"Estamos preocupados por la situación de la cárcel, y trabajamos cada causa con el objetivo de que esto se esclarezca". El camarista Carlos Francisco Ruiz Vargas escuchó esta frase de boca del fiscal federal Antonio Gustavo Gómez y se retiró un poco más tranquilo de la sede del Juzgado Federal, ubicada en calle Las Piedras al 400. El magistrado, esta semana, le había solicitado al funcionario judicial que, si así lo disponía, instruyera a los fiscales a su cargo para que investiguen el tráfico de estupefacientes en el penal de Villa Urquiza. Ayer, ambas autoridades se reunieron, intercambiaron información y acordaron trabajar juntos.

Además, Ruiz Vargas tiene otros planes para evitar el comercio de droga dentro de la cárcel. "No tiene sentido que los internos manejen dinero. Las cárceles no son bancos ni shoppings. Quizás eso solamente favorezca a los que venden estupefacientes; por eso, voy a enviar un oficio para que no se permita el ingreso de plata al penal", dijo el juez.

El magistrado (que integra la sala VI de la Cámara Penal junto a las vocales Marta Cavallotti y Alicia Freidenberg) intervino en la problemática del consumo de drogas en el penal en noviembre, cuando guardiacárceles descubrieron que uno de los 78 reos a cargo del tribunal tenía droga en su calabozo. Todo el grupo de internos fue sometido a estudios de orina por orden de Ruiz Vargas. Hasta ahora, el Cuerpo Médico Forense le envió al juez el resultado de las muestras tomadas a 24 reclusos; 13 de ellos ingirieron cocaína, marihuana o psicofármacos, según el informe.

En un primer momento, el juez ordenó que los presos adictos fueran alojados en el Hospital Psiquiátrico Obarrio y sometidos a un proceso de desintoxicación. Sin embargo, los especialistas, luego de revisar a los pacientes, decidieron que sólo uno de ellos debía quedar internado por los síntomas que presentaba. El resto de los reclusos regresó al penal. El ministro de Salud, Pablo Yedlin, se comprometió a enviar psicólogos y psiquiatras a Villa Urquiza para que colaboren con el tratamiento de rehabilitación de los internos que lo requieran.

El lunes, Ruiz Vargas les envió oficios a autoridades del Ministerio de Salud; de la secretaría de Adicciones; del Ministerio de Seguridad Ciudadana; de la Dirección de Institutos Penales; de la secretaría de Derechos Humanos; de la Justicia Federal; del Ministerio Fiscal de la Corte Suprema; y al gobernador, José Alperovich.

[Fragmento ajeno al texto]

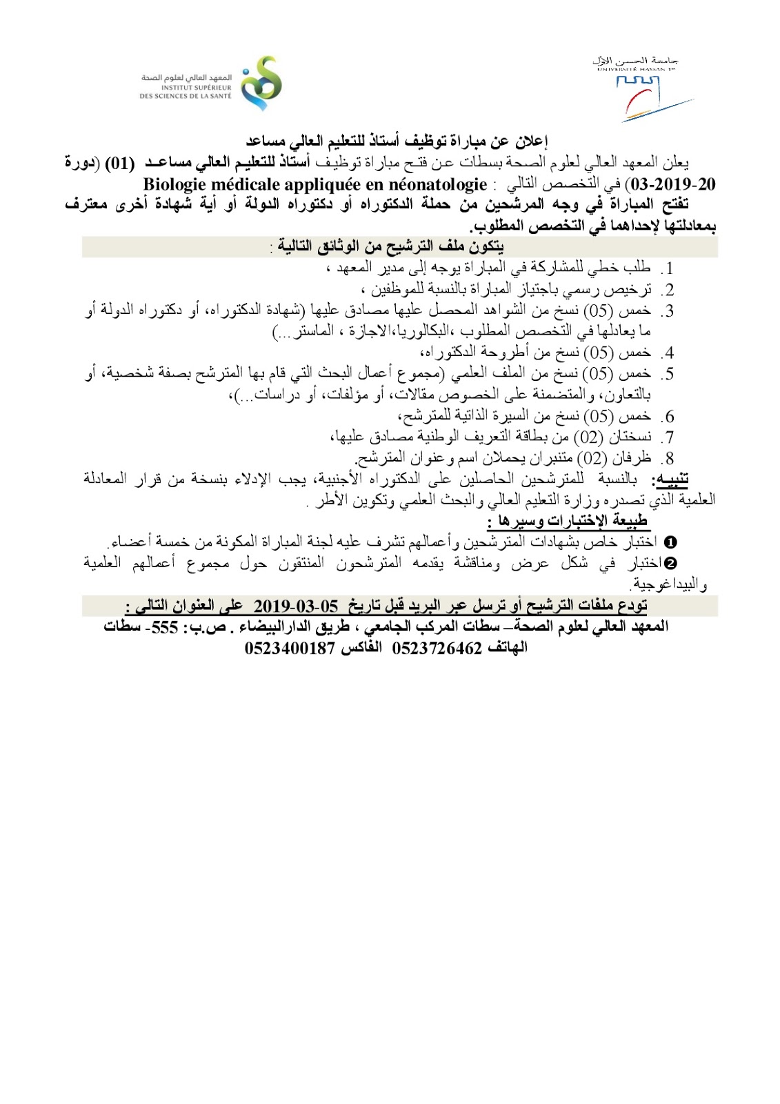 Alwadifa doctorat / Alwadifa Maroc / Alwadifa Settat / Autres offres d'emploi / Etablissement Public / Offres d'emploi doctorat / Par fonction / Par ville / Type المعهد العالي لعلوم الصحة سطات مباراة لتوظيف استاذ التعليم العالي مساعد آخر أجل 4 مارس 2019 ShareSharePin It المعهد العالي لعلوم الصحة سطات مباراة لتوظيف استاذ التعليم العالي مساعد آخر أجل 4 مارس 2019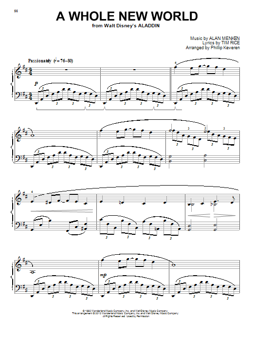 Download or print Alan Menken & Tim Rice A Whole New World [Classical version] (from Aladdin) (arr. Phillip Keveren) sheet music, chords and digital score arranged for Piano Solo. This Children score includes 6 page(s).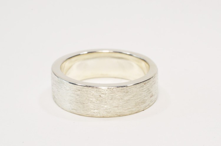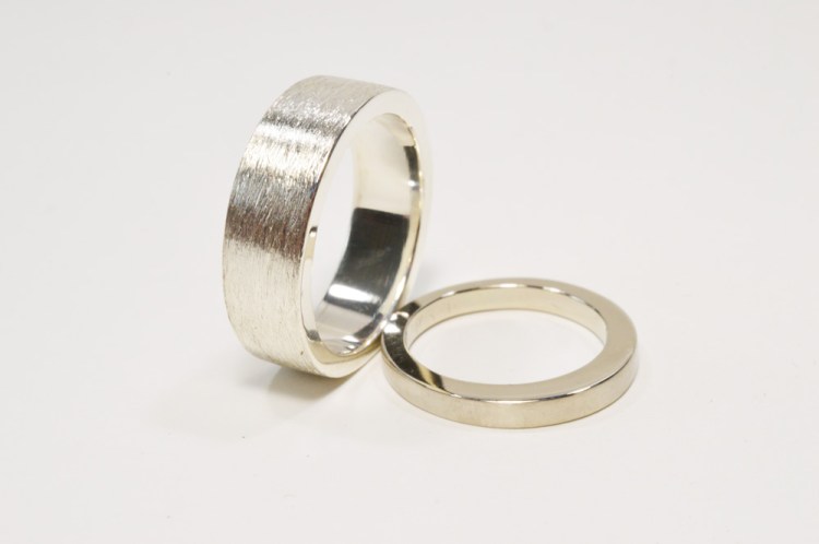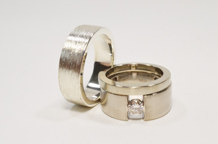 Alex and Scott 14k White Gold, Sterling Silver. Wedding rings for Alex and Scott. The engagement ring was store bought. The couple were closely involved in the design process to create the matching set.

En los textos, les indicaba la necesidad de que -cada uno desde su área- intervenga en el tráfico de drogas en la cárcel.

La información
Ayer, el camarista se reunió con el fiscal federal Gómez, uno de los destinatarios de los oficios. "Me informó que derivó las actuaciones para que las trabaje el fiscal (Carlos Alfredo) Brito, quien determinará los pasos a seguir", expresó el magistrado ante una consulta de LA GACETA.

Por otra parte, Ruiz Vargas adelantó que entre hoy y mañana enviará otro oficio al penal de Villa Urquiza, disponiendo que se les prohiba manejar dinero a los reos. "Hay que analizar la situación. Por ejemplo, hay muchos que reciben dinero por trabajos de producción dentro de la cárcel. Lo ideal sería que, a cambio, reciban mercadería u otros bienes. Tampoco está bien que algunos internos tengan teléfonos celulares", propuso el juez como posible solución.

El magistrado aún no se reunió con el Ministro Fiscal, Luis di Mitri, quien recibió un texto similar al que le fuera enviado al fiscal federal Gómez. "Estas investigaciones benefician a la sociedad, porque si un preso sale en libertad sufriendo problemas de adicción, hay posibilidades de que reincida o, incluso, de que sea declarado inimputable en un proceso si actuó bajo el efecto de sustancias ilegales", remarcó Ruiz Vargas.